The Directors recommend that shareholders read this Explanatory Memorandum before determining whether or not to support the resolutions.
Resolution 1: Adoption of Remuneration Report
The Company’s Remuneration Report sets out the remuneration arrangements for the Directors and key management personnel of the Company. The Remuneration Report is part of the Directors’ Report contained in the Annual Report of the Company for the financial year ended 30 June 2025.
The Corporations Act requires that at a listed company’s AGM, a resolution that the remuneration report be adopted must be put to the shareholders. However, such a resolution is advisory only and does not bind the Directors or the Company. The Board will take the outcome of the vote into account when considering the future remuneration arrangements of the Company.
Shareholders will be given reasonable opportunity at the AGM to ask questions about, and make comments on, the Remuneration Report.
The Directors unanimously recommend that shareholders VOTE IN FAVOUR of Resolution 1. The Chairman of the AGM intends to vote all available proxies FOR Resolution 1.

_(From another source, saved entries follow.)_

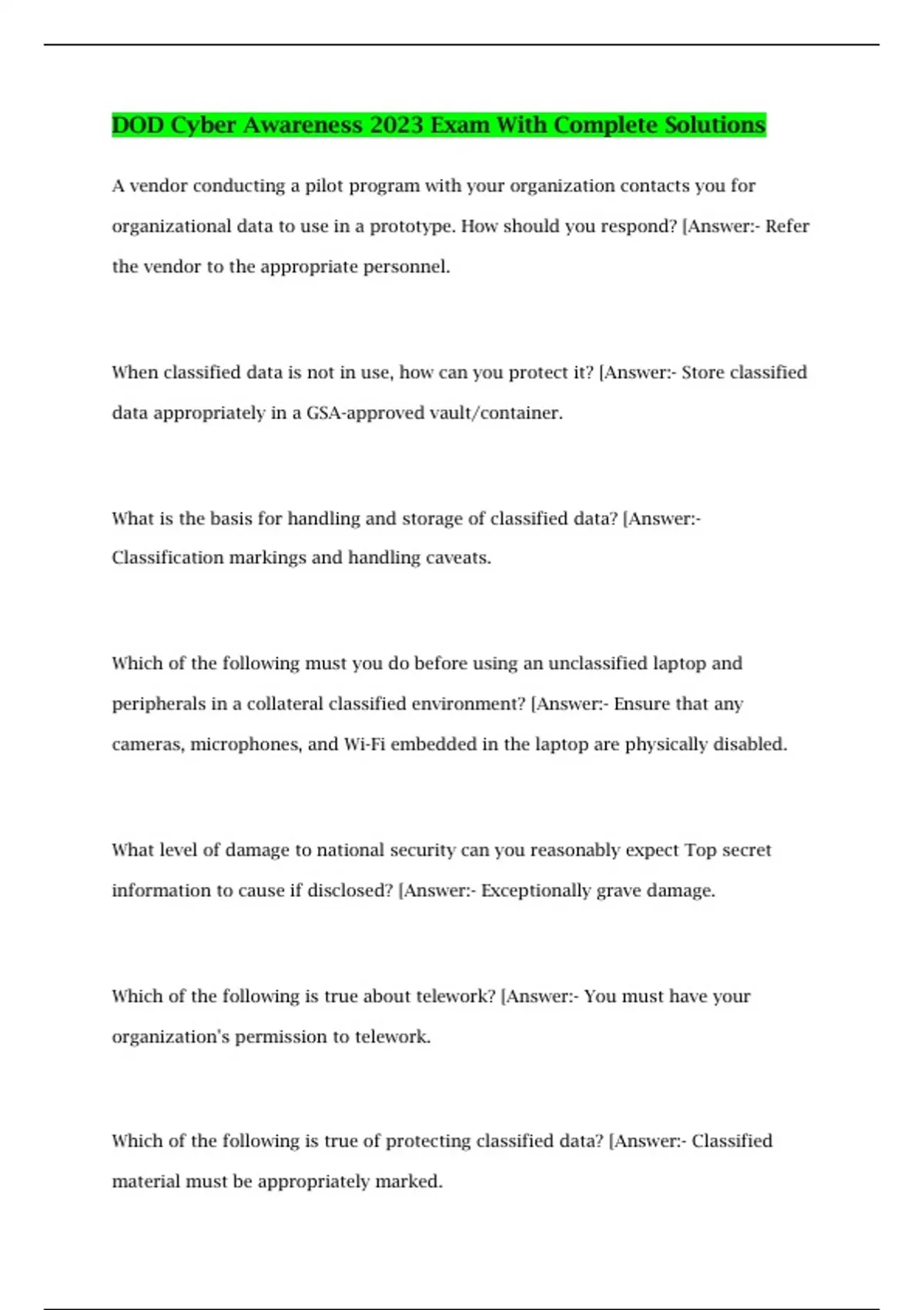 DOD Cyber Awareness 2023 Exam With Complete Solutions A vendor conducting a pilot program with your organization contacts you for organizational data to use in a prototype. How should you respond? [Answer:- Refer the vendor to the appropriate personnel. When classified data is not in use, how can you protect it? [Answer:- Store classified data appropriately in a GSA-approved vault/container. What is the basis for handling and storage of classified data? [Answer:- Classification markings and handling caveats. Which of the following must you do before using an unclassified laptop and peripherals in a collateral classified environment? [Answer:- Ensure that any cameras, microphones, and Wi-Fi embedded in the laptop are physically disabled. What level of damage to national security can you reasonably expect Top secret information to cause if disclosed? [Answer:- Exceptionally grave damage.
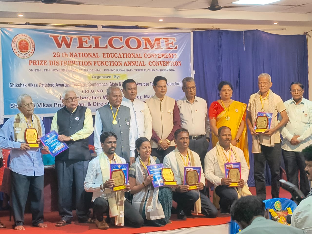 गोवा दि.१० (प्रतिनिधी): शिक्षक विकास परिषद, ज्ञानदीप मंडळ, शिक्षक विकास प्रतिष्ठान गोवा आणि गोवा सरकारच्या कला व संस्कृती संचालनालय यांच्या संयुक्त विद्यमाने आयोजित २९ व्या राष्ट्रीय स्तरावरील शैक्षणिक परिषद व वार्षिक अधिवेशनाचा पारितोषिक वितरण समारंभ नुकताच गोव्यातील प्राईड हॉल, रावळनाथ मंदिराजवळ, शिरोडा (गोवा) येथे उत्साहात पार पडला.
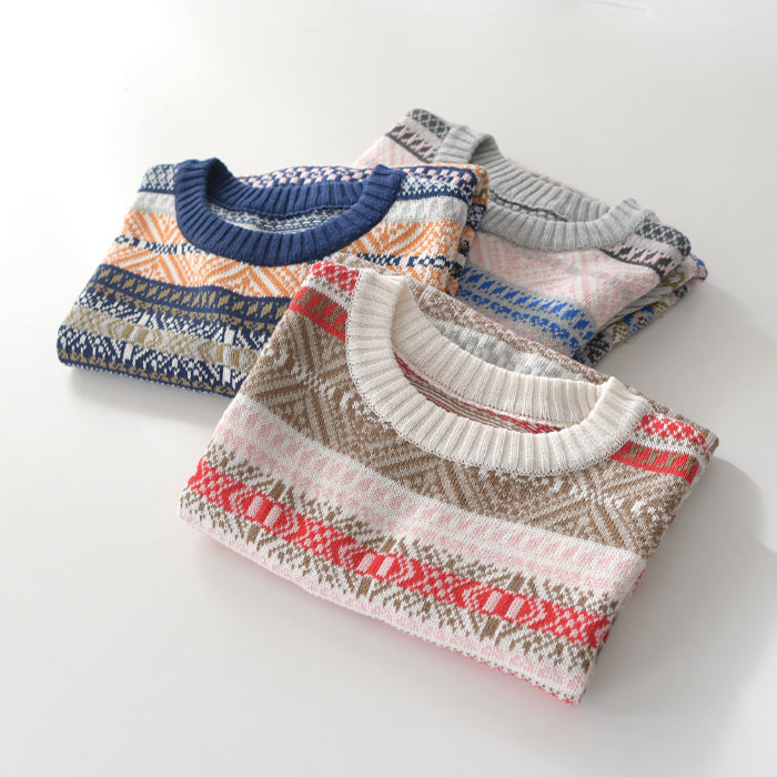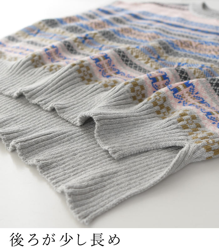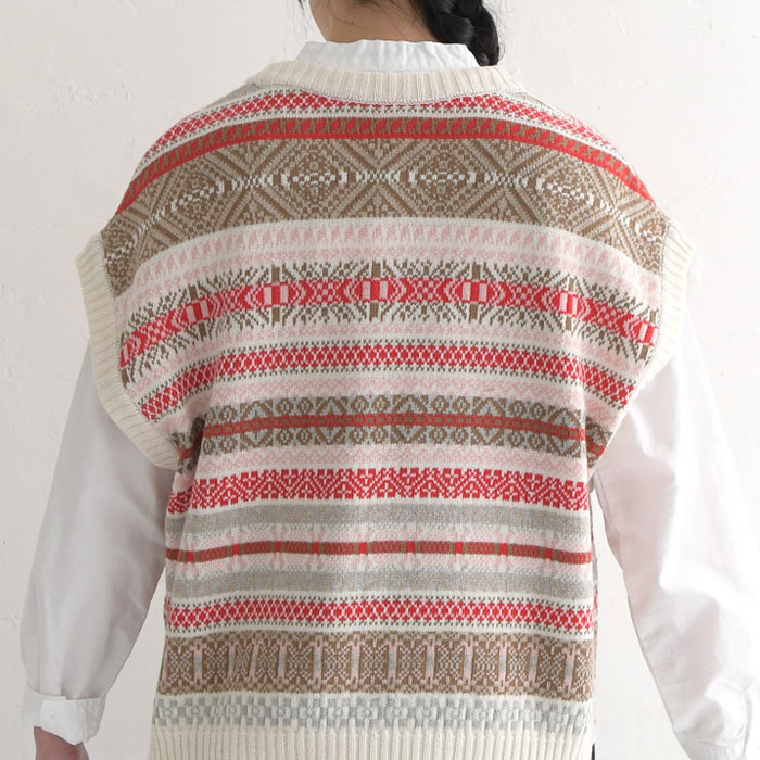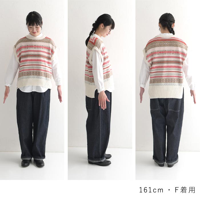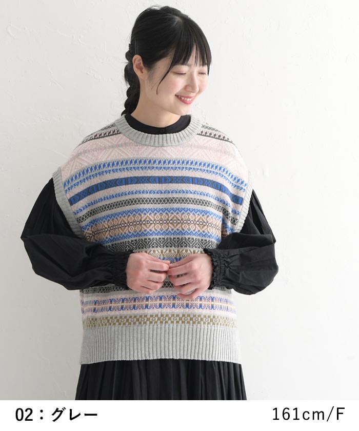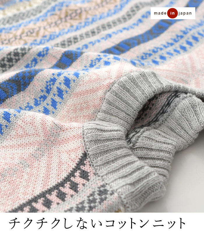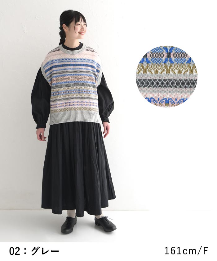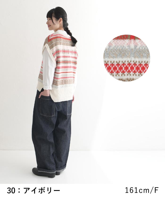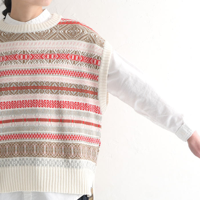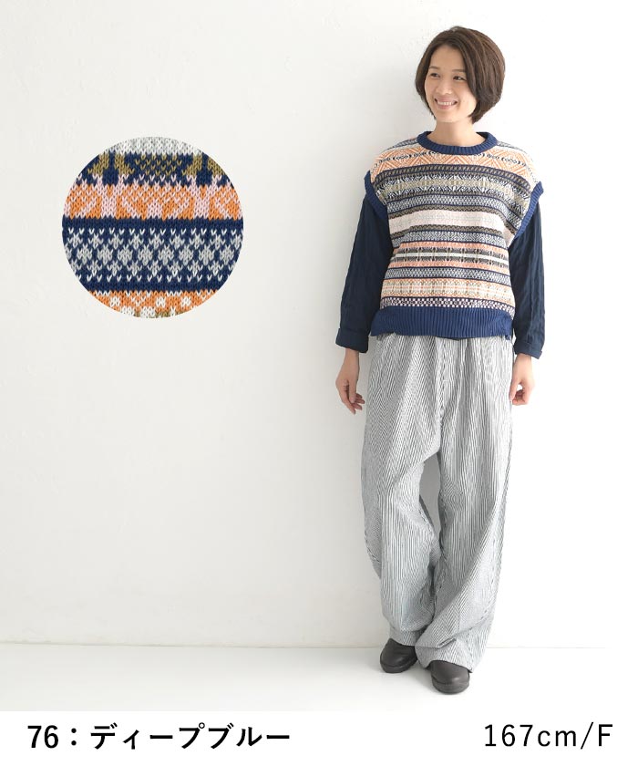 【半額タイムセール】 日本製 NARU コットン ニットベスト フェアアイル柄 クルーネック 綿100%/ カジュアル ナチュラル ナル チョッキ ゆったり 重ね着 体型カバー レディース エコロコ sel, Ms,Ls,/30代 40代 50代 春 夏 秋 23AW0126,
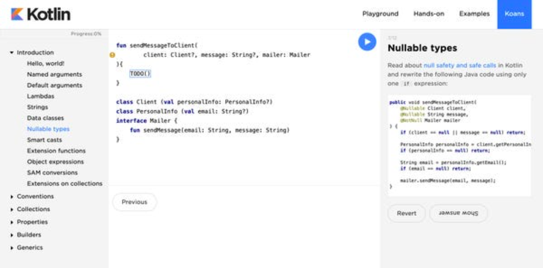 KotlinLang.org为具有编码知识的人提供了一个交互式教程:
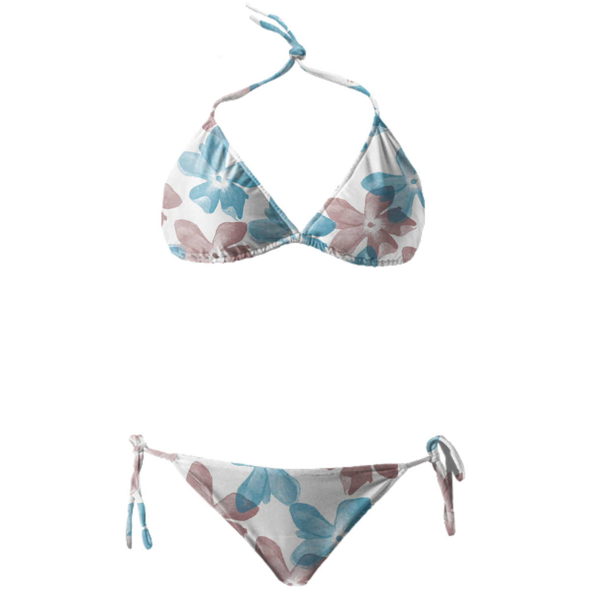 String bikini with ties at the neck bust and hips. Throw it in a bag and head to the beach!
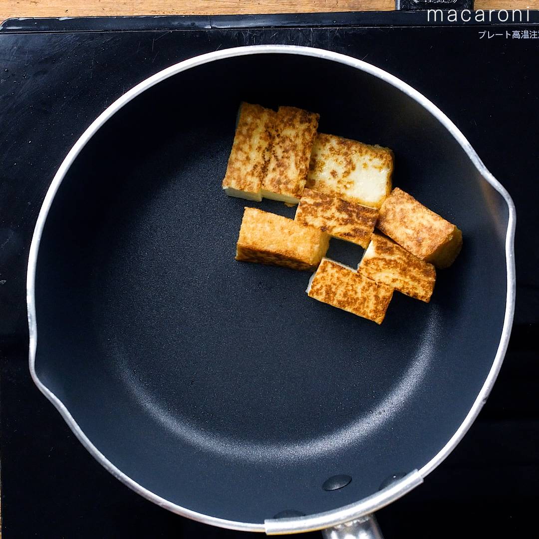 1: フライパンに厚揚げを並べ、表面に焼き色がつくまで中火で焼きます。
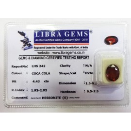 REPORT.NO.LHS 242CLARITY.N/ACOLOUR.COCA COLASHAPE/CUT.OVALWT.4.43 CTSDIMENSION.1.5-9.1-4.6R.INDEX.1.92-2.02HARDNESS.6.5-7.5COMMENT.HESSONITE {S}..
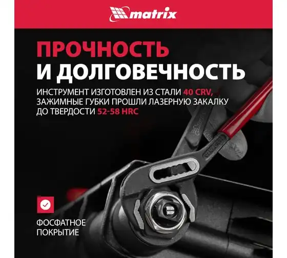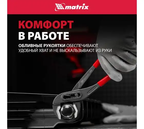 Переставные клещи MATRIX 250 мм, хром-ванадий, обливные рукоятки 17921
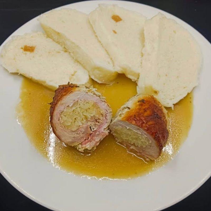 2. 150g Pečená vepřová krkovice, dušený špenát, variace knedlíků145 Kč
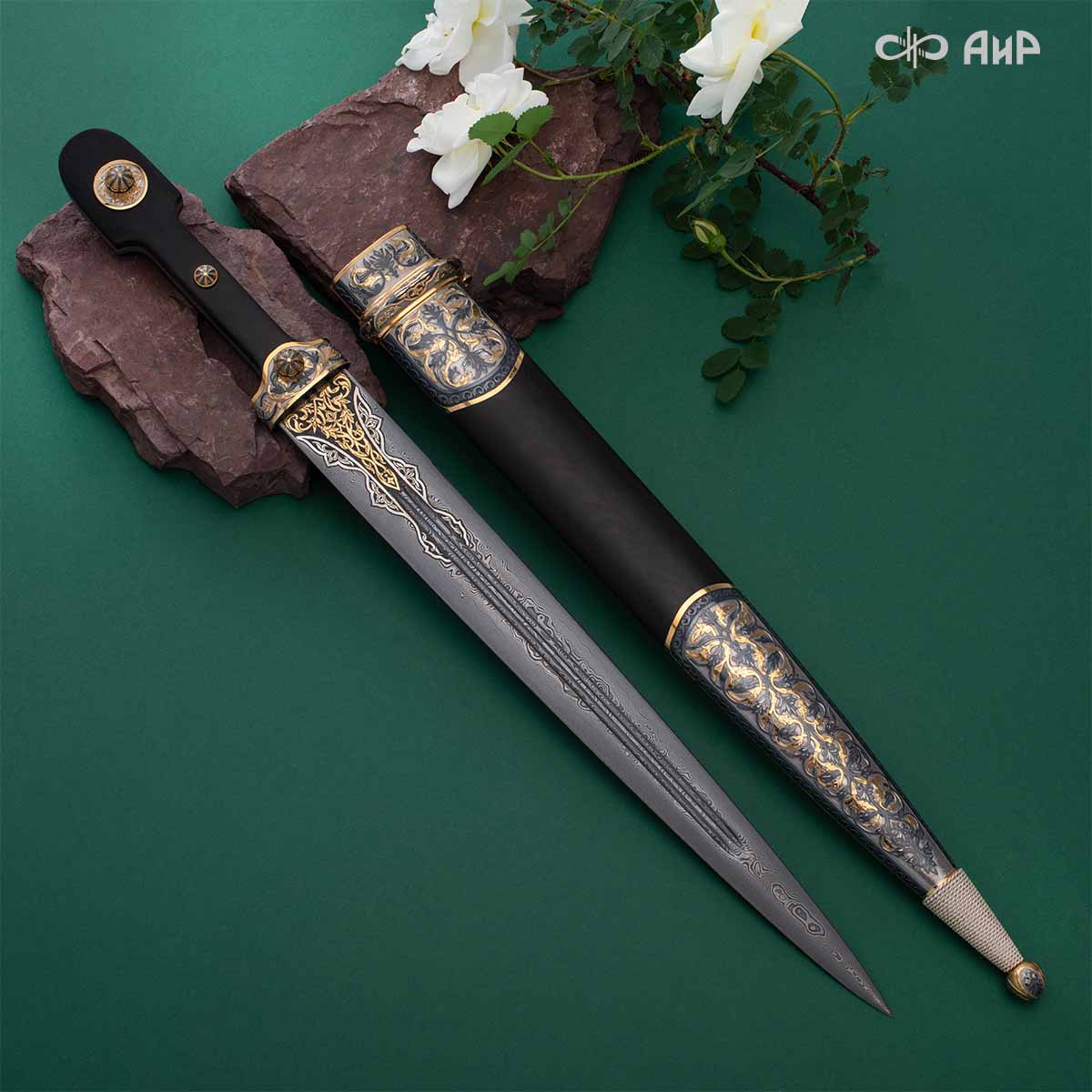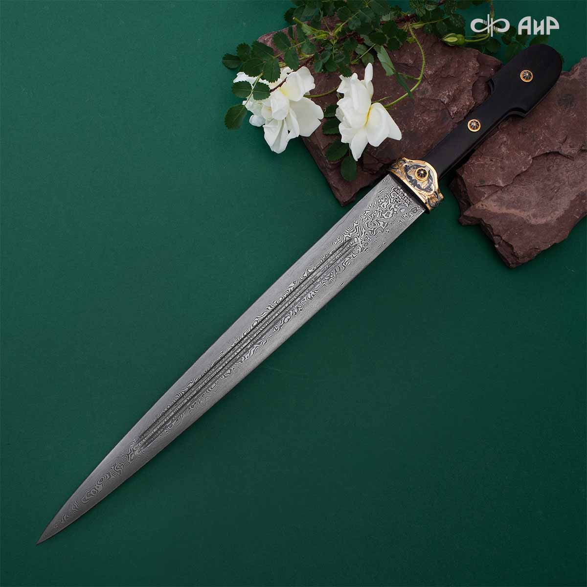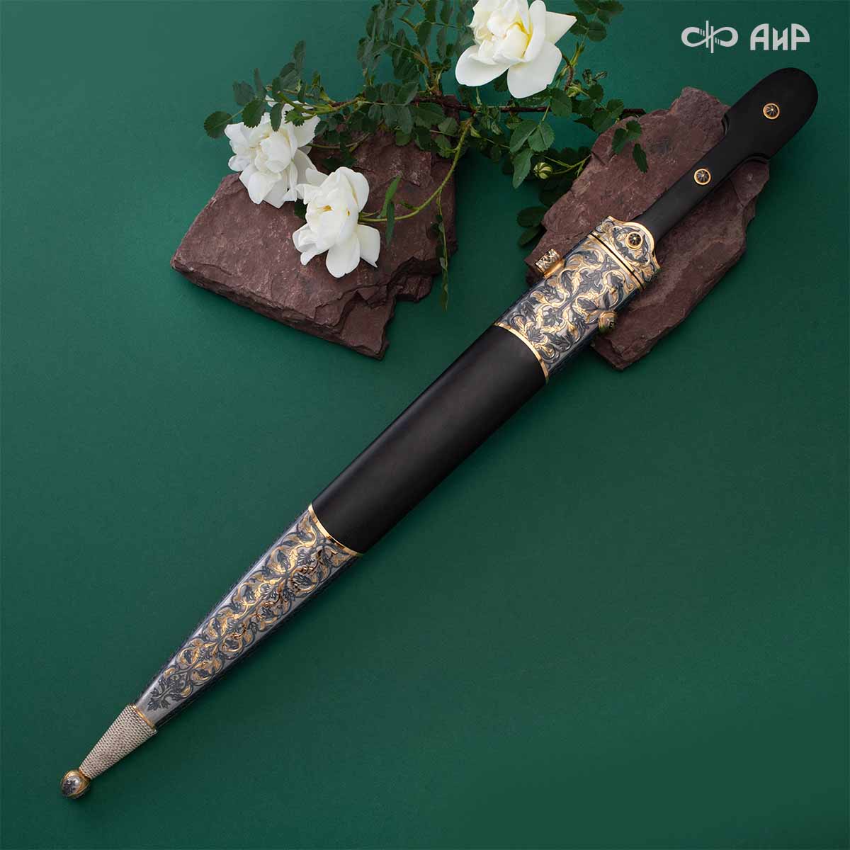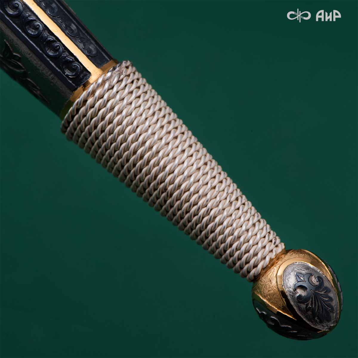 Компания «АиР» изготавливает кинжалы кавказского типа, украшенные золотом, серебром или мельхиором. Каждый кинжал – это яркий пример ручной работы и вдохновенного коллективного творчества. Оружейники, художники и граверы компании достойно хранят и развивают златоустовские традиции декорирования металла. В процессе создания каждого изделия соединяются талант, творческий подход и высокий уровень исполнения. Представленный экземпляр богато украшен орнаментом.

Resolution 2: Re-election of Director – Kate Thorley
BCom CA GAICD
Kate Thorley has been a Director of the Company since July 2014. Kate has over 21 years’ experience in the funds management industry and more than 26 years of financial accounting and corporate governance experience. Kate is the Chief Executive Officer of Wilson Asset Management (International) Pty Limited, Director of WAM Capital Limited, WAM Research Limited, WAM Leaders Limited, WAM Microcap Limited, WAM Global Limited, WAM Strategic Value Limited, WAM Income Maximiser Limited, Future Generation Australia Limited and Future Generation Global Limited.
Listing Rule 14.4 provides that a director of an entity must not hold office (without re-election) past the third annual general meeting following the director’s appointment or 3 years, whichever is longer. If Resolution 2 is passed, Ms Thorley will be re-elected as a director of the Company and if Resolution 2 is not passed, Ms Thorley will cease to be a director of the Company.
The Directors (excluding Ms Thorley) strongly support the re-election of Ms Thorley and unanimously
recommend that shareholders VOTE IN FAVOUR of Resolution 2. The Chairman of the AGM intends to vote all available proxies FOR Resolution 2.
Resolution 3: Re-election of Director – Simon Poidevin
BSc (Hons)
Simon Poidevin has been a Director of the Company since December 2021. Simon has worked in global financial markets for over 41 years, spending 14 years with Citigroup, culminating in heading the firm’s Corporate Equity Broking division in Australia. Simon was previously Managing Director, Corporate Broking at Bell Potter Securities Limited from 2013 to 2020. He is currently a non-executive Director of Stealth Group Holdings Limited (ASX: SGI), an Advisory Board Member of leading Safe Harbour insolvency firm Wexted Advisors and a board member of the UNSW Foundation. Simon represented Australia in Rugby Union from 1980 to 1992, captaining the Wallabies in 1986 and 1987 and becoming the first Wallaby to play 50 tests. He was inducted into the Sport Australia Hall of Fame in 1991 and the Australian Rugby Hall of Fame in 2014.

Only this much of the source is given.